Including Piece Values on Rules Pages[Subject Thread] [Add Response]

H. G. Muller wrote on Tue, Mar 12 11:29 AM UTC in reply to Kevin Pacey from 12:26 AM:

Systematic errors can never be estimated. There is no limit to how inaccurate a method of measurement can be. The only recourse is to be sure you design the method as good as you can. But what you mention is a statistical error, not a systematic one. Of course the weaker side can win, in any match with a finite number of games, by a fluke. Conventional statistics tells you how large the probability for that is. The probability to be off by 2 standard deviations or more (in either direction) is about 5%. To be off by 3 about 0.27%. It quickly tails off, but to make the standard deviation twice smaller you need 4 times as many games.

So it depends on how much weaker the weak side is. To demonstrate with only a one-in-a-million probablity for a fluke that a Queen is stronger than a Pawn wouldn't require very many games. The 20-0 result that you would almost certainly get would only have a one-in-a-million probability when the Queen was not better, but equal. OTOH, to show that a certain material imbalance provides a 1% better result with 95% 'confidence' (i.e. only 5% chance it is a fluke), you will need 6400 games (40%/sqrt(6400) = 40%/80 = 0.5%, so a 51% outcome is two standard deviations away from equality).

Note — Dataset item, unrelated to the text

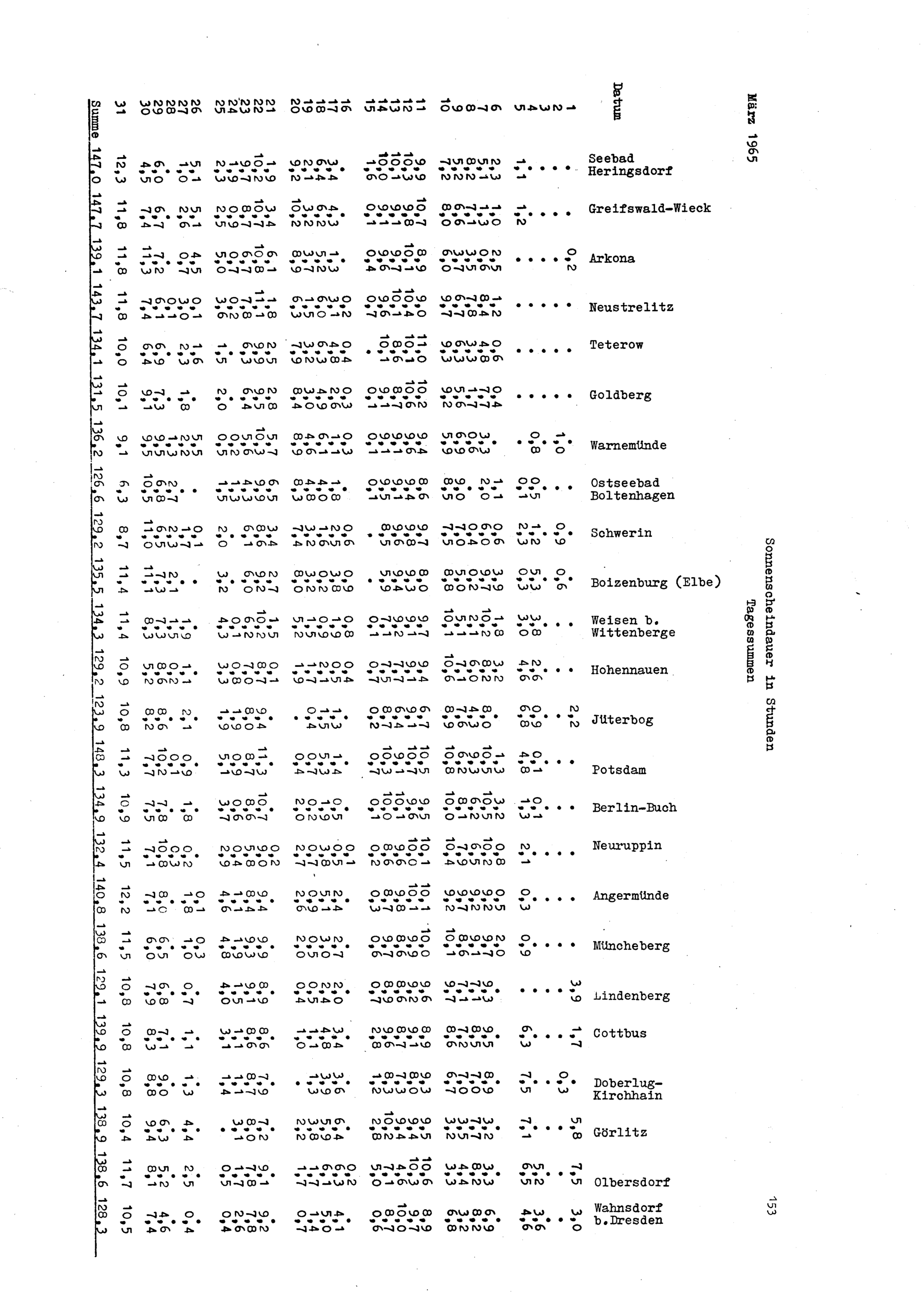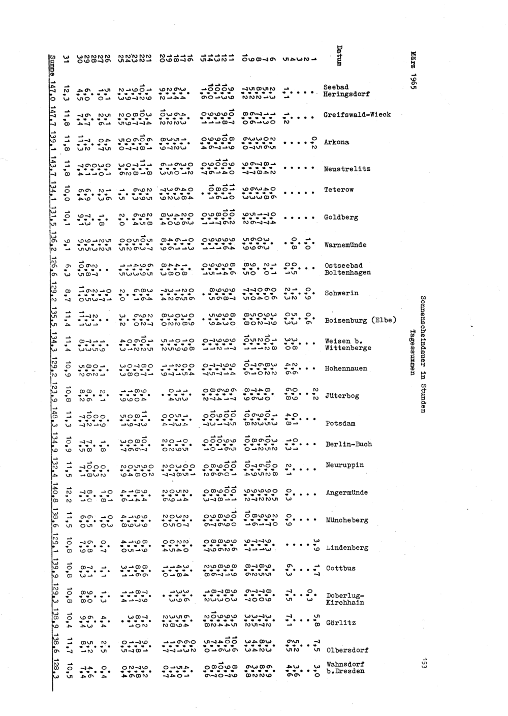 Sonnenscheindauer, Tagessummen von 48 Stationen

My aim is usually to determine piece values with a standard deviation of about 0.1 Pawn. Since Pawn odds typically causes a 65-70% result, 0.1 Pawn would result in 1.5-2% excess score, and 400-700 games would achieve that (40%/sqrt(400) = 2%). I consider it questionable whether it makes sense to strive for more accurate values, because piece values in themselves are already averages over various material combinations, and the actual material that is present might affect them by more than 0.1 Pawn.

I am not sure what you want to say in your first paragraph. You still argue like there would be an 'absolute truth' in piece values. But there isn't. The only thing that is absolute is the distance to checkmate. Piece values are only a heuristic used by fallible players who cannot calculate far enough ahead to see the checkmate. (Together with other heuristics for judging positional aspects.) If the checkmate is beyond your horizon you go for the material you think is strongest (i.e. gives the best prospects for winning), and hope for the best. If material gain is beyond the horizon you go for the position with the current material that you consider best. Above a certain level of play piece values become meaningless, and positions will be judged by other criteria than what material is present. And below that level they cannot be 'absolute truth', because it is not the ultimate level.

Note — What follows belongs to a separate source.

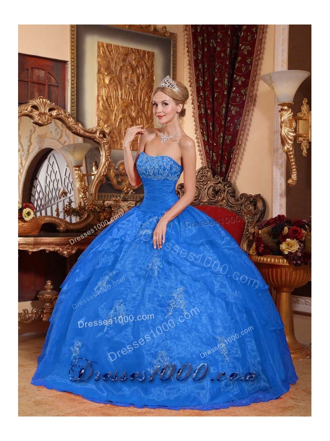 Affordable Blue Puffy Strapless for 2014 Appliques Quinceanera Dress

I never claimed that statistics of computer-generated games provide uncontestable proof of piece values. But they provide evidence. If a program that human players rated around 2000 Elo have difficulty beating in orthodox Chess hardly does better with a Chancellor as Queen replacement than as with an Archbishop (say 54%), it seems very unlikely that the Archbishop would be two Pawns less valuable. As that same engine would have very little trouble to convert other uncontested 2-Pawn advantages (such as R vs N, or 2N+P vs R) to a 90% score. It would require pretty strong evidence to the contrary to dismiss that as irrelevant, plus an explanation for why the program systematically blundered that advantage away. But there doesn't seem to be any such evidence at all. That a high-rated player thinks it is different is not evidence, especially if the rating is only based on games where neither A nor C participate. That the average number of moves on an empty board of A is smaller than that of C is not evidence, as it was never proven that piece values only depend on average mobility. (And counter examples on which everyone would agree can easily be given.) That A is a compound of pieces that are known to be weaker than the pieces C is a compound of is no evidence, as it was never proven that the value of a piece is equal to the sum of its compounds. (The Queen is an accepted counter-example.)

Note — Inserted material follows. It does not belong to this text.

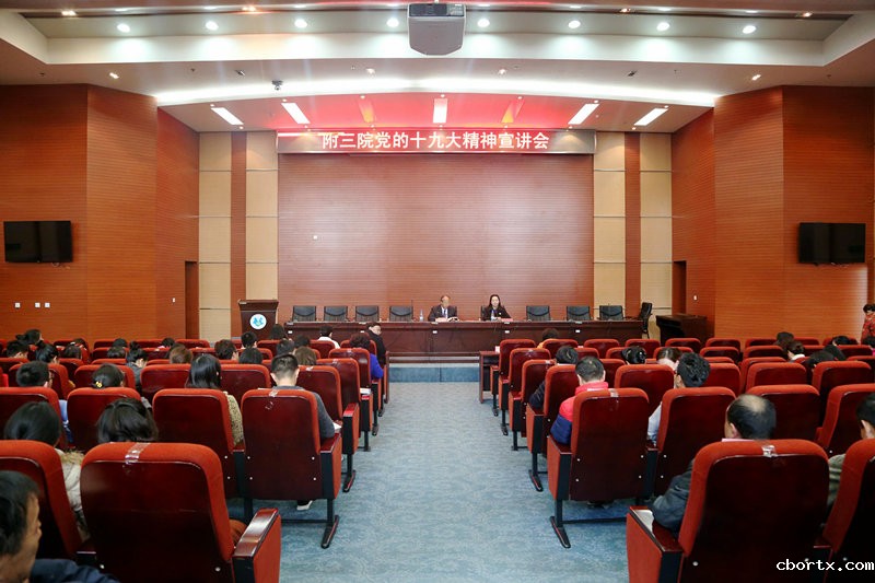 12月1日下午,学校第三附属医院举办党的十九大精神宣讲会暨学习贯彻党的十九大精神专题党课,学校副校长、第三附属医院党委书记吴红明作党的十九大精神宣讲。

As to the draw margin: I usually took that as 1.5 Pawn, but that is very close to 4/3, and my only reason to pick it was that it is somewhere between 1 and 2 Pawns. And advantage of 1 Pawn is often not enough, 2 usually is. But 'decisive' is a relative notion. At lower levels games with a two-Pawn advantage can still be lost. GMs would probably not stand much chance against Stockfish if they were allowed to start with a two-Pawn advantage. At high levels a Pawn advantage was reported by Kaufmann to be equivalent to a 200-Elo rating advantage.